As promised, we kept on working on our
bounceR package. For once, we changed the interface: users now do not have to choose a number of tuning parameters, that – thanks to my somewhat cryptic documentation – sound more complicated than they are. Inspired by H2o.ai feature to let the user set the time he or she wants to wait, instead of a number of cryptic tuning parameters, we added a similar function.
Further, we changed the source code quite a bit. Henrik Bengtsson gave a very inspiring talk on parallization using the genius
future package at this year's eRum conference. A couple days later, Davis Vaughan released
furrr. An incredibly smart – kudos – wrapper on-top of the no-less genius
purrr package. Davis' package combines
purrr's maping functions with
future's parallization madness. As you can tell, I am a big fan of all these three packages. Thus, inspired by these new inventions, we wanted to make use of them in our package. So, the entire parallization setup of
bounceR is now leveraging
furrr. This way, the parallization is so much smarter, faster and works seemingless on different operating systems.

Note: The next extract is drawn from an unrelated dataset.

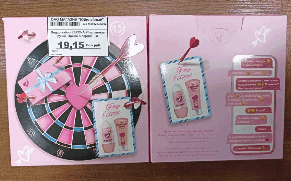 В “черном списке” оказался шариковый антиперспирант Rexona “Нежно и сочно”. Он продается как самостоятельный продукт, но также встречается и в составе наборов косметики.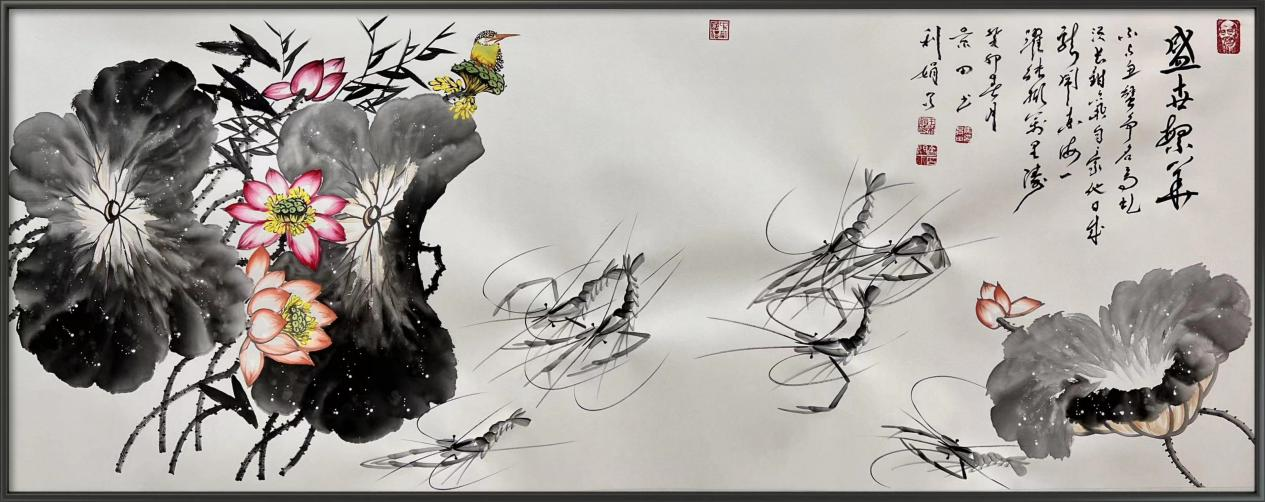 《盛世繁华》花团锦簇布满整个画面,河虾姿态各异,水墨蟹的加入,更是做到了画龙点睛之笔,使整幅画面更加灵动。水墨虾 水墨蟹均以齐白石大师的笔法技巧创作,同时也融入到了个人风格特点,“学我者生似我者死”,在传承齐派水墨技法上有了新的突破。

Thus, lets see how you can use it now. Let's start by downloading the package.
# you need devtools, cause we are just about to get it to CRAN, though we are not that far library(devtools) # now you are good to go devtools::install_github("STATWORX/bounceR") # now you can source it like every normal package library(bounceR)
To show how the feature selection works, we now need some data, so lets simulate some with our
# simulate some data data <- sim_data(n = 100, modelvars = 10, noisevars = 300)
Now you guys can all imagine that with 310 features on 100 observations, building models could be a little challenging. In order to be able to model the target no less, you need to reduce your feature space. There are numerous ways to do so. In my last Blog Post I described our solution. Let's see how to use our algorithm.
# run our algorithm selected_features <- featureSelection(data = data, target = "y", max_time = "30 mins", bootstrap = "regular", early_stopping = "aic", parallel = TRUE)
What can you expect to get out of it? Well, we return a list with of course the optimal formula calculated by our algorithm. Further, you get a stability matrix with it, where you can see a ranking of the features by importance. Additionally we built in some convenient S4 methods, so you can easily access all the information you need.
I hope I could teaser you a little to check out the package and help us further improve it. Currently, we are developing two new algorithms for feature selection. Thus, in the next iteration we will implement those two as well. I am looking forward to your comments, issues and thoughts on the package.